Probe and Skip: Self-Predictive Token Skipping for Efficient Long-Context LLM Inference
Long-context inference enhances the reasoning capability of Large Language Models (LLMs), but incurs significant computational overhead. Token-oriented methods, such as pruning and skipping, have shown great promise in reducing inference latency, yet still suffer from inherently insufficient structure optimization, outdated selection criteria, and redundancy interference, resulting in suboptimal speed-accuracy trade-off. To address these issues, we propose a novel training-free framework dubbed Self-Predictive Token Skipping (SPTS), for efficient long-context LLM inference. Specifically, motivated by probing the influence of target layers prior to skipping, we design two selective token skipping strategies for typical structures, including Partial Attention Probing (PAP) for multi-head attention and Low-rank Transformation Probing (LTP) for feed forward network. The former selects informative tokens via partial forward attention computation, while the latter constructs a low-rank proxy network to predict token transformations. In addition, a Multi-Stage Delayed Pruning (MSDP) strategy reallocates skipping budgets and progressively removes redundant tokens across layers. Extensive experiments display the effectiveness of our method, achieving up to 2.46$\times$ and 2.29$\times$ speedups for prefilling and end-to-end generation, respectively, while maintaining state-of-the-art accuracy. We will release the source code upon acceptance.
💡 Research Summary
The paper tackles the growing computational burden of long‑context inference in large language models (LLMs) by introducing a training‑free token‑skipping framework called Self‑Predictive Token Skipping (SPTS).
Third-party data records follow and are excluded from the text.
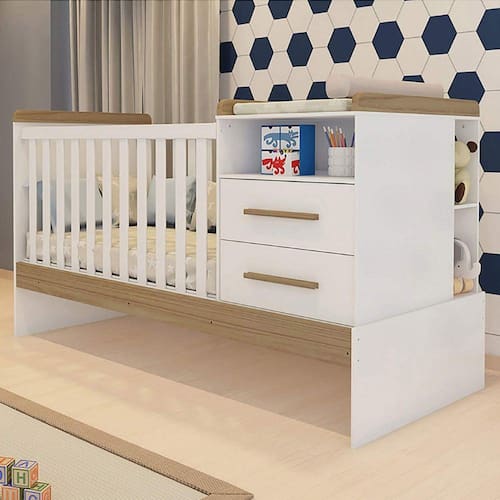 +Um+m%F3vel+para+acompanhar+o+crescimento+de+sua+crian%E7a%2C+aproveitando+melhor+seu+investimento.++Ainda+contando+com+beleza+e+praticidade+necess%E1rios+para+deixar+tudo+muito+bem+organizado.+O+ber%E7o+padr%E3o+americano+com+gavetas+e+trocador%2C+pode+ser+transformado+em+Cama+de+solterio+e+uma+escrivaninha+com+gavetas+ap%F3s+utilizado+como+ber%E7o.+Fabricado+em+100%25+MDF+com+pintura+at%F3xica%2C+com+bordas+arredondadas+e+laqueadas+para+maior+seguran%E7a.+As+gavetas+cont%E9m+corredi%E7as+met%E1licas+telesc%F3picas+e+os+puxadores+s%E3o+em+MDF+revestidos.+O+estrado+tem+2+op%E7%F5es+de+regulagem+de+altura+sendo+37%2C6cm+e+66%2C4cm+at%E9+o+ch%E3o.+Para+utiliza%E7%E3o+com+colch%E3o+quando+ber%E7o+70cm+x+130cm+e+quando+Cama+solteiro+78cm+x+188cm. Acabamento: Pintura UV Acabamento da Gaveta: Pintura Acabamento da Prateleira: Pintura Acompanha Cama Auxiliar: Não Acompanha Colchão: Não Acompanha Dossel: Não Acompanha Móbile: Não Acompanha Suporte para Mosquiteiro: Não Altura: 109,6 cm Altura do Estrado até o Chão: 66,40000000000001 cm Certificado: 004541/2019 Complexidade da Montagem: Alta: deve ser montado por um montador especializado Cor do Produto: Branco/Carvalho Escala de Brilho: Brilhante Escala de Brilho da Gaveta: Brilhante Escala de Brilho da Prateleira: Brilhante Espaço Entre as Barras das Grades: 5,8 cm Estilo: Moderno Estrado com Regulagem de Altura: Sim Estrado Regulável em Quantas Posições: 02 Gaveta com Chave: Não Itens Inclusos: 1 Berço 5 em 1, Manual de montagem e Acessórios Largura: 192,2 cm Linha ou Coleção: Uli Material da Gaveta: MDF Material da Grade: MDF Material da Prateleira: MDF Material do Estrado: MDF e Madeira Material Principal: MDF Montagem Flex: O berço padrão americano com gavetas e trocador, pode ser transformado em Cama de solterio e uma escrivaninha com gavetas após utilizado como berço. Multifunção Flex: Berço, Trocador, Cama Solteiro, Escrivaninha e Gaveteiro Necessita Montagem: Sim Opções de Altura do Estrado: 37,6cm - 66,4cm Permite a Utilização de Cama Auxiliar: Sim Peso: 83,5 kg Peso Máximo por Gaveta: 7 kg Peso Máximo por Prateleira: 15 kg Pintura Atóxica: Sim Possui Gavetas: 02 Possui Pés: Não Possui Portas: Não Possui Prateleiras: 02 Possui Rodízio: Não Profundidade: 86,90000000000001 cm Recomendações de Uso, Manutenção e Limpeza: Limpar com um pano levemente umidecido Sapatas Niveladoras: Não Sistema Anti-Refluxo: Não Sistema de Montagem: Parafusos auto atarraxantes, roscas métricas, porcas metálicas, chapas metálicas, buchas plásticas, minifix, cavilhas de madeira. Suporta Até (kg): 90 kg Tamanho do Colchão Indicado (L x C): Berço 70cm x 130cm. Quando transformado em cama 78cm x 188cm Tipo de Corrediça da Gaveta: Metálica Telescópica Tipo de Estrado: Fixo Tipo de Grade: Fixa Tipo de Puxador da Gaveta: Externo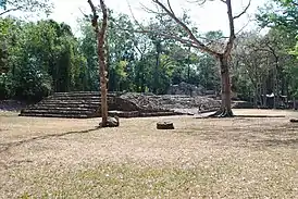 ![]() Площадка для месоамериканской игры в мяч в Яшчилане, где Яшун-Балам III играл в мяч. | |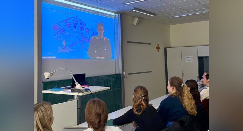 Am 30.10.2025 nahmen die Schülerinnen des Leistungsfaches PuG der 12. Jahrgangsstufe an einem Online-Vortrag des Bundesverteidigungsministeriums teil. Referent war Major Schönowsky, der anschaulich über die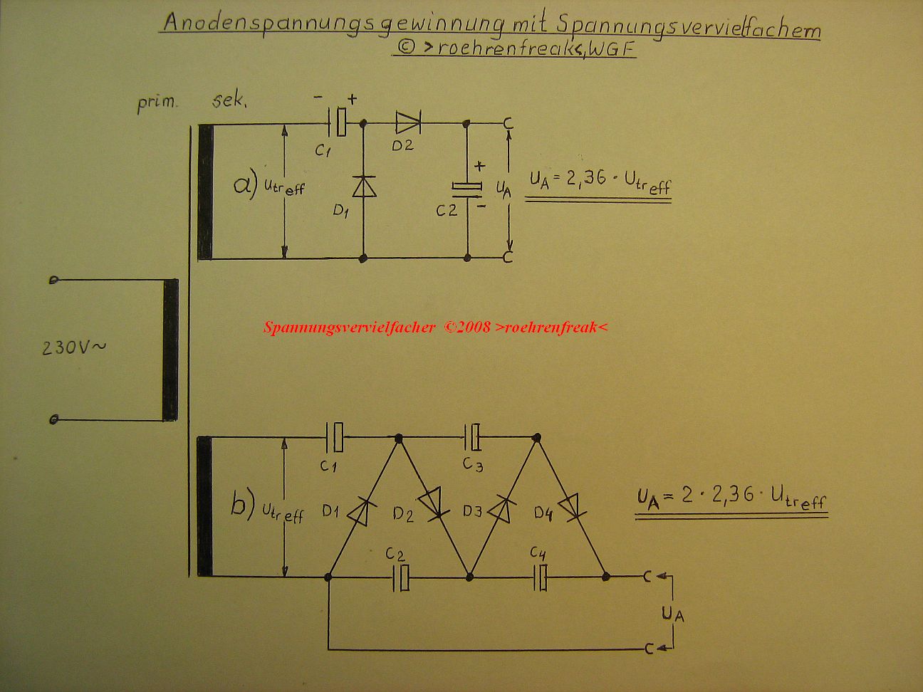 ergänzend erlaube ich mir noch die folgende Alternativmöglichkeit zur Anodenspannungs-Erzeugung vorzustellen. In manchen Steckernetzgeräten ist ein Trafo mit Ausgangsleerlaufspannungen von z.B 18, 24 oder gar 30Volt zu finden. Hier könnte es zweckmässig sein, mit einer Spannungsvervielfacher-Schaltung auf die gewünschte Ausgangs-Gleichspannung zu kommen. Das Beispiel a) im Bildanhang zeigt eine einfache Verdopplerschaltung, Beispiel b) einen Vervierfacher. Letzter kann mit weiteren geradzahligen Dioden und Kondensatoren beinahe beliebig erweitert werden, so daß sich die Ausgangsspannung pro "Stufe" um 2,36*U Tr eff.* erhöht. Die Schaltung wird auch als "Kaskade" bezeichnet.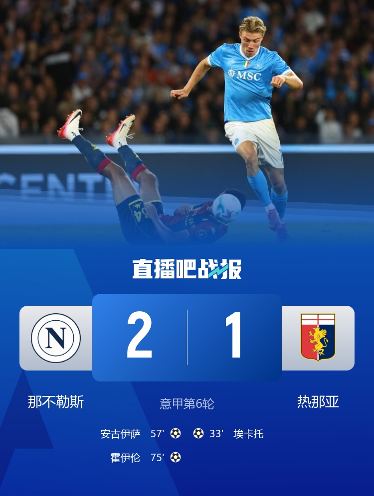全場比賽結(jié)束,那不勒斯2-1熱那亞。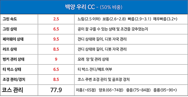 백양 우리CC는 지루함 없는 즐거운 플레이 환경을 제공합니다. 페어웨이의 잔디 상태는 좋았으나 그린과 그린 주변 잔디는 페어웨이 관리상태 대비 아쉬움이 남습니다. 캐디 사용 여부를 직접 선택할 수 있고, 셀프 식음 공간도 제공하며 전체 이용료가 저렴하기 때문에 또 방문할 계획입니다.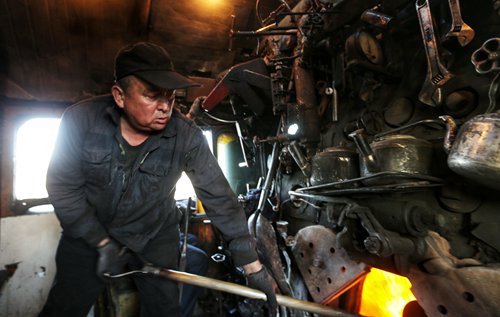 Memeti does the stoker's job, since young people aren't willing to work on steam locomotive. Drivers have to take on different duties during work. Photo: Cui Meng/GT
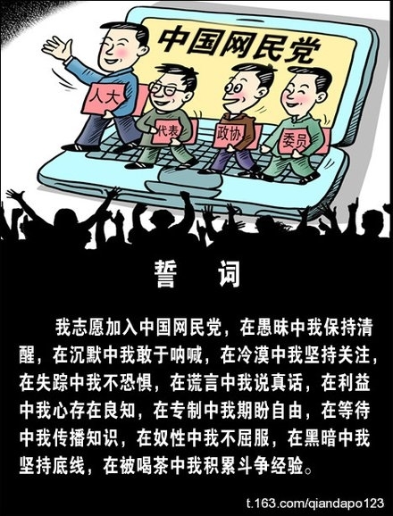 “中国网民党”誓词称:我志愿加入中国网民党,在愚味中我保持清醒,在沉默中我敢于呐喊,在冷漠中我坚持关注,在失踪中我不恐惧,在谎言中我说真话,在利益中我心存在良知,在专制中我期盼自由,在等待中我传播知识,在奴性中我不屈服,在黑暗中我坚持底线,在被喝茶中我积累斗争经验。”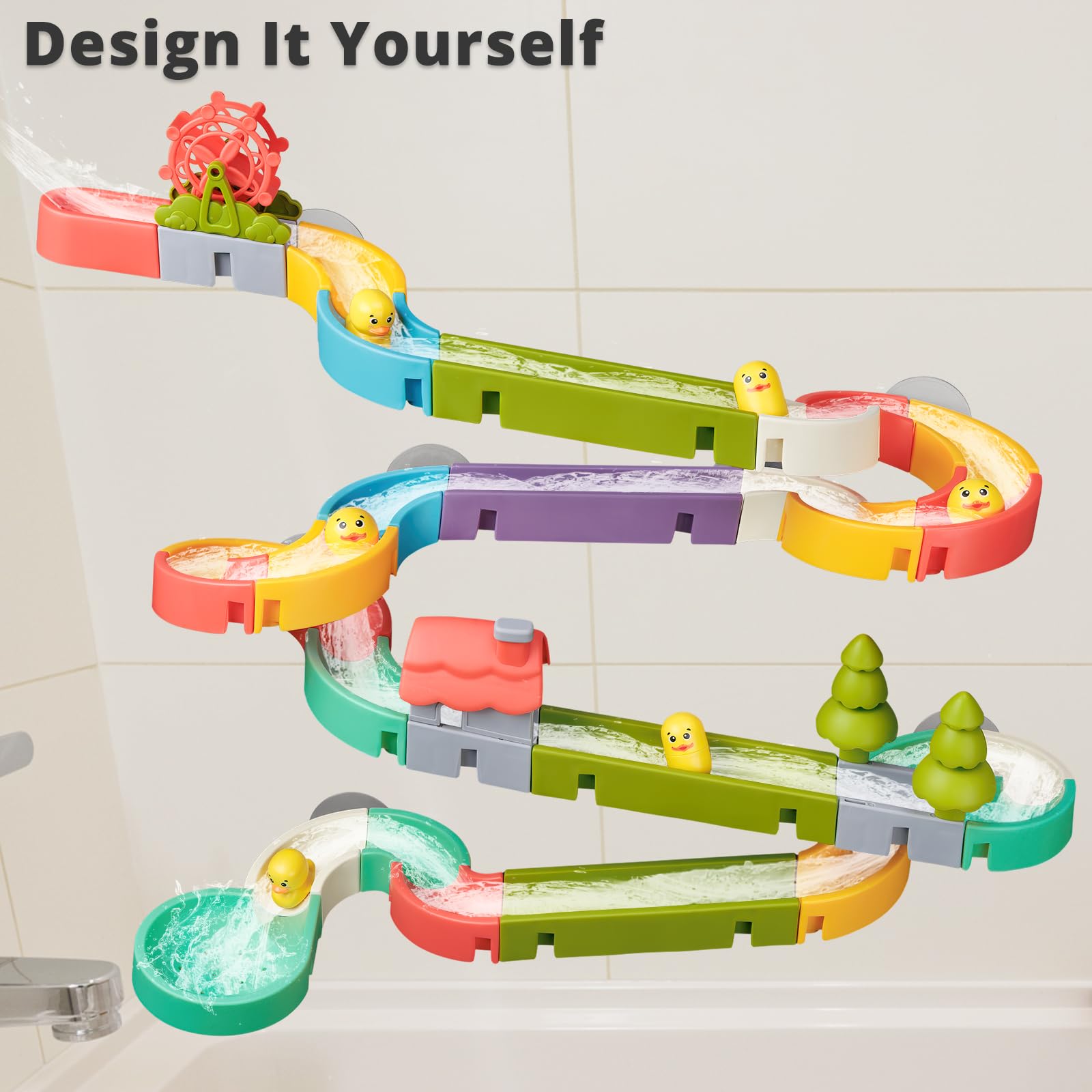 Socbtnso Duck Slide Toys, Bath Toys For Kids Ages 4-8, Diy Building Kit, Bathtub Time Birthday Gift For Toddler 3 + Year Old (51 Pcs)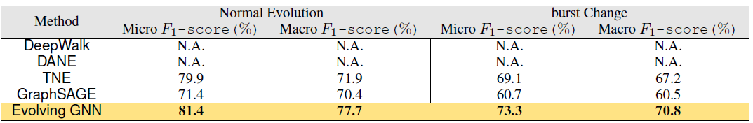 Evolving GNN:我们将 Evolving GNN 方法和其它方法在 multi-class 链接预测任务上进行比较。对比的方法包括:DeepWalk,DANE,DNE,TNE,GraphSAGE 等。这些竞争对手无法处理动态图,因此我们在动态图的每个快照上运行算法,并报告所有时间戳的平均性能。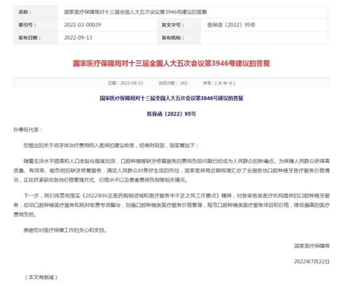 近日,针对人大代表提出的关于将牙体治疗费用纳入医保的建议,答复表示,国家医保局近期梳理汇总了全国各地口腔种植牙医疗服务价格情况,正在抓紧研究各地价格管理方式、价格水平以及患者费用负担等相关情况。(据9月14日中国新闻网)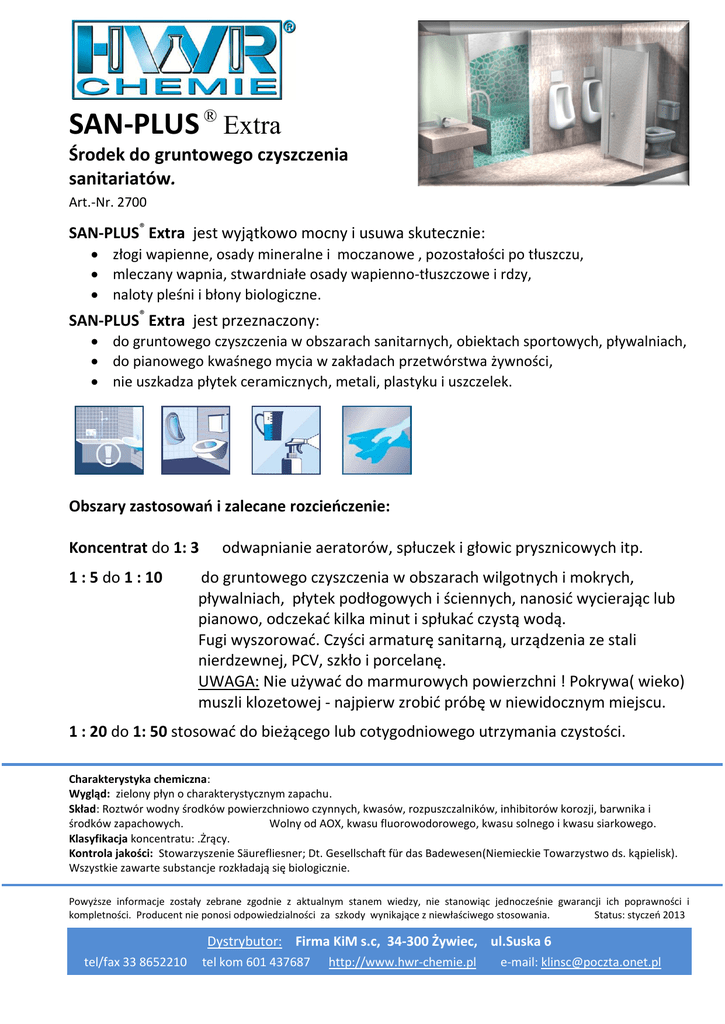 SAN-PLUS ® Extra Środek do gruntowego czyszczenia sanitariatów. Art.-Nr. 2700 SAN-PLUS® Extra jest wyjątkowo mocny i usuwa skutecznie: złogi wapienne, osady mineralne i moczanowe , pozostałości po tłuszczu, mleczany wapnia, stwardniałe osady wapienno-tłuszczowe i rdzy, naloty pleśni i błony biologiczne. SAN-PLUS® Extra jest przeznaczony: do gruntowego czyszczenia w obszarach sanitarnych, obiektach sportowych, pływalniach, do pianowego kwaśnego mycia w zakładach przetwórstwa żywności, nie uszkadza płytek ceramicznych, metali, plastyku i uszczelek. Obszary zastosowań i zalecane rozcieńczenie: Koncentrat do 1: 3 1 : 5 do 1 : 10 odwapnianie aeratorów, spłuczek i głowic prysznicowych itp. do gruntowego czyszczenia w obszarach wilgotnych i mokrych, pływalniach, płytek podłogowych i ściennych, nanosid wycierając lub pianowo, odczekad kilka minut i spłukad czystą wodą. Fugi wyszorowad. Czyści armaturę sanitarną, urządzenia ze stali nierdzewnej, PCV, szkło i porcelanę. UWAGA: Nie używad do marmurowych powierzchni ! Pokrywa( wieko) muszli klozetowej - najpierw zrobid próbę w niewidocznym miejscu. 1 : 20 do 1: 50 stosowad do bieżącego lub cotygodniowego utrzymania czystości. Charakterystyka chemiczna: Wygląd: zielony płyn o charakterystycznym zapachu. Skład: Roztwór wodny środków powierzchniowo czynnych, kwasów, rozpuszczalników, inhibitorów korozji, barwnika i środków zapachowych. Wolny od AOX, kwasu fluorowodorowego, kwasu solnego i kwasu siarkowego. Klasyfikacja koncentratu: .Żrący. Kontrola jakości: Stowarzyszenie Säurefliesner; Dt. Gesellschaft für das Badewesen(Niemieckie Towarzystwo ds. kąpielisk). Wszystkie zawarte substancje rozkładają się biologicznie. Powyższe informacje zostały zebrane zgodnie z aktualnym stanem wiedzy, nie stanowiąc jednocześnie gwarancji ich poprawności i kompletności. Producent nie ponosi odpowiedzialności za szkody wynikające z niewłaściwego stosowania. Status: styczeo 2013 Dystrybutor: Firma KiM s.c, 34-300 Żywiec, ul.Suska 6 tel/fax 33 8652210 tel kom 601 437687 http://www.hwr-chemie.pl e-mail: [email protected]

Existing token‑pruning and token‑skipping methods suffer from three fundamental problems: insufficient structural optimization (they focus on either the multi‑head attention (MHA) or feed‑forward network (FFN) but not both, or they aggressively prune at the cost of performance), outdated selection criteria (they rely on signals from previous layers that do not reflect a token’s importance in the target layer), and redundancy interference (keeping all tokens throughout deep layers forces repeated evaluation of irrelevant tokens, degrading the signal‑to‑noise ratio).
SPTS’s core principle is “self‑predictive skipping”: a token is eligible for skipping only if its impact on the target layer is negligible. To operationalize this, the authors design two selective‑skipping mechanisms tailored to the two dominant Transformer blocks.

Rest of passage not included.